The researchers also used laboratory parameters to look at the risk of CKD progression; they found that patients in the PPI group were 53% more likely to experience a doubling of serum creatinine and 32% more likely to have an eGFR decline of more than 30% compared with patients in the H2-blocker group. 

The risk of kidney outcomes tended to increase according to the duration of treatment. For example, patients treated for 91-180 days were twice as likely to develop CKD than those treated for less than 30 days. 

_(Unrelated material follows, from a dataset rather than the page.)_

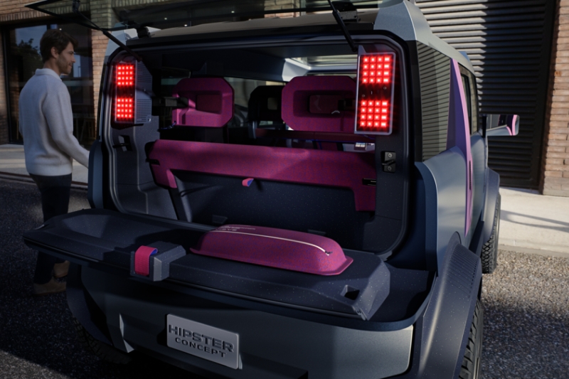 Với chiều dài chỉ 3 mét, rộng 1,55 mét và cao 1,53 mét, mẫu concept vẫn cung cấp 4 chỗ ngồi thật cùng khoang hành lý linh hoạt từ 70 đến 500 lít. Trọng lượng tổng thể của Hipster nhẹ hơn 20% so với Dacia Spring, chỉ dưới 800 kg với mục đích tiết kiệm năng lượng nguyên vật liệu và giảm phát thải trong suốt vòng đời xe. Theo Dacia, mục tiêu là giảm một nửa dấu chân carbon so với các xe điện hiện nay.

Overall, the rate of CKD was 2,570 and 3,683 per 100,000 person-years in H2-blocker and PPI-exposed groups, respectively; the rate of ESRD was 26.5 and 41.3 per 100,000 person-years. 

“We think the public at large and the medical community should be aware of these findings,” says Al-Aly. “PPIs are very widely used, are marketed as safe, and available (without prescription) over the counter.” 

Al-Aly says that PPI use should therefore be limited to when it is medically necessary and the duration of treatment restricted to the minimum length of time. But he adds: “Our findings should not discourage the use of PPIs when medically indicated.” 

There is a well-established link between the use of PPIs and acute kidney damage, particularly the development of interstitial nephritis, and recent evidence has linked the drugs with CKD. PPIs, used to treat reflux and stomach ulcers, are some of the most commonly prescribed medications in the UK. In January 2015, esomeprazole became the first PPI to be available over-the-counter outside of the pharmacy. 

Frank Muller, a regional British Society of Gastroenterology lead, says he and his colleagues at the Kent and Canterbury Hospital previously believed that PPIs were probably the most common drug-related cause of interstitial nephritis. 

He says the link between PPI use and renal function needs to be more widely understood, but that it is not completely clear how to manage patients for renal complications while receiving PPIs. 

“There is no evidence as yet to confirm that monitoring patients renal function regularly would reduce the risk,” says Muller. “If patients are unwell for whatever reason whilst taking these drugs, it would be reasonable to perform a U&E [urea and electrolytes] measurement.” 

Renal function usually improves when the drugs are stopped, he says, and although patients are sometimes given steroids, it is not clear if these enhance renal recovery. 

Muller notes that a study is under way to determine if there are genetic markers that predict which patients treated with PPIs are most susceptible to kidney damage.